# [What you are asked to do]
In the entries that follow, find the line containing "On October 20, at" and the line containing "T-shirt damski o", then retype exactly the lines from the first through the second, pictures excluded.
[[ Given information, beginning ]]
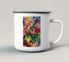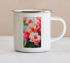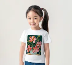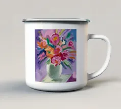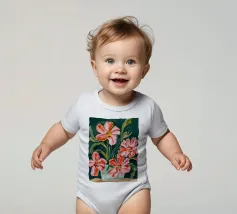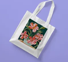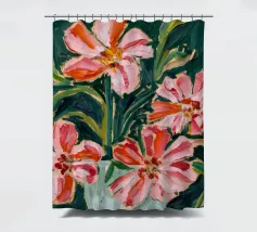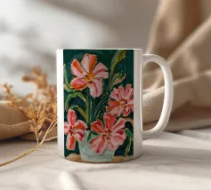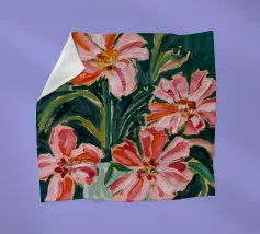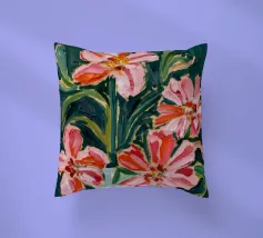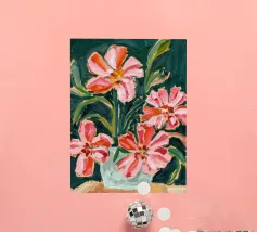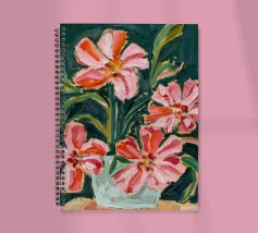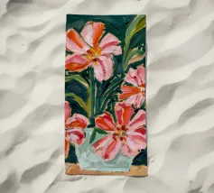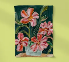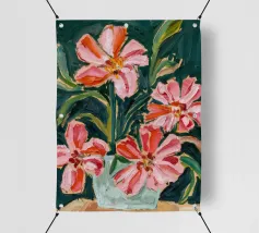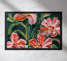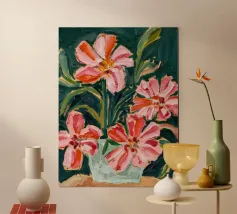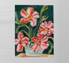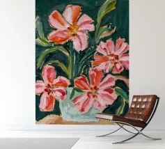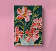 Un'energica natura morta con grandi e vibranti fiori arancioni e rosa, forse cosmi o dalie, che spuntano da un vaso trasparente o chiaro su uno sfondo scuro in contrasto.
[[ Given information, end ]]
[[ Given information, beginning ]]
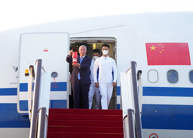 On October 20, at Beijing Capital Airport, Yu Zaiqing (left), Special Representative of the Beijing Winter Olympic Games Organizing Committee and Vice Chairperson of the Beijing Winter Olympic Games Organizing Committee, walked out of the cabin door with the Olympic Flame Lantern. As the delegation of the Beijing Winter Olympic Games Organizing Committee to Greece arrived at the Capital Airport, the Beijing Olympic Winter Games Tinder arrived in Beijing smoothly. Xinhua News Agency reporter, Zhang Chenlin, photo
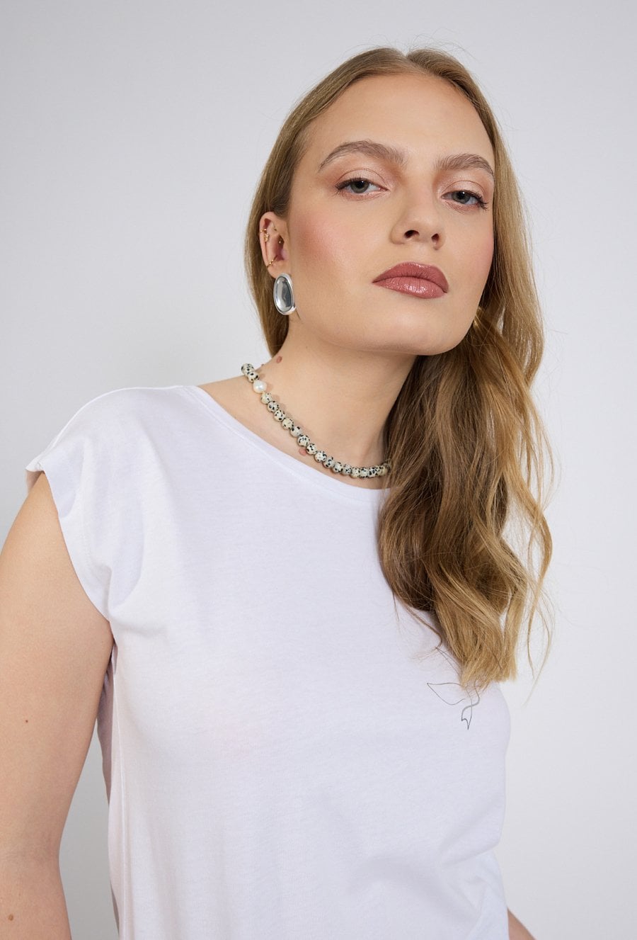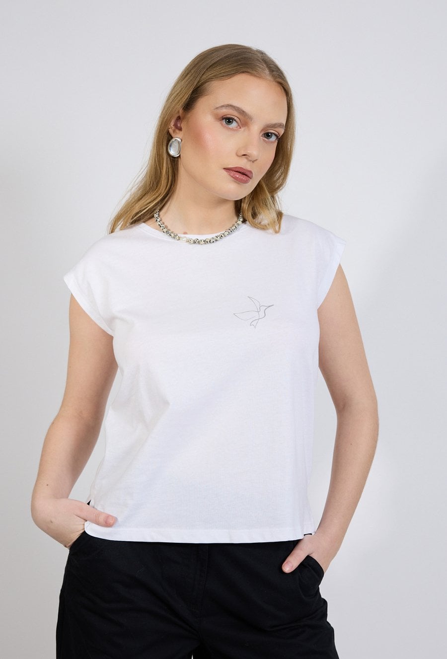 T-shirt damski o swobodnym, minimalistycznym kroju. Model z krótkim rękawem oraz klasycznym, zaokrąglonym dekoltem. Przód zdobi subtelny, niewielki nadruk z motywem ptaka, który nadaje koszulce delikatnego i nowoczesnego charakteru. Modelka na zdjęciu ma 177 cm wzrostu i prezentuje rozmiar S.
[[ Given information, end ]]
[[ Given information, beginning ]]
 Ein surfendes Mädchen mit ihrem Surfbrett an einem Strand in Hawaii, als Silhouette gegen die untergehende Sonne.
[[ Given information, end ]]
# [Expected answer]
 On October 20, at Beijing Capital Airport, Yu Zaiqing (left), Special Representative of the Beijing Winter Olympic Games Organizing Committee and Vice Chairperson of the Beijing Winter Olympic Games Organizing Committee, walked out of the cabin door with the Olympic Flame Lantern. As the delegation of the Beijing Winter Olympic Games Organizing Committee to Greece arrived at the Capital Airport, the Beijing Olympic Winter Games Tinder arrived in Beijing smoothly. Xinhua News Agency reporter, Zhang Chenlin, photo
 T-shirt damski o swobodnym, minimalistycznym kroju. Model z krótkim rękawem oraz klasycznym, zaokrąglonym dekoltem. Przód zdobi subtelny, niewielki nadruk z motywem ptaka, który nadaje koszulce delikatnego i nowoczesnego charakteru. Modelka na zdjęciu ma 177 cm wzrostu i prezentuje rozmiar S.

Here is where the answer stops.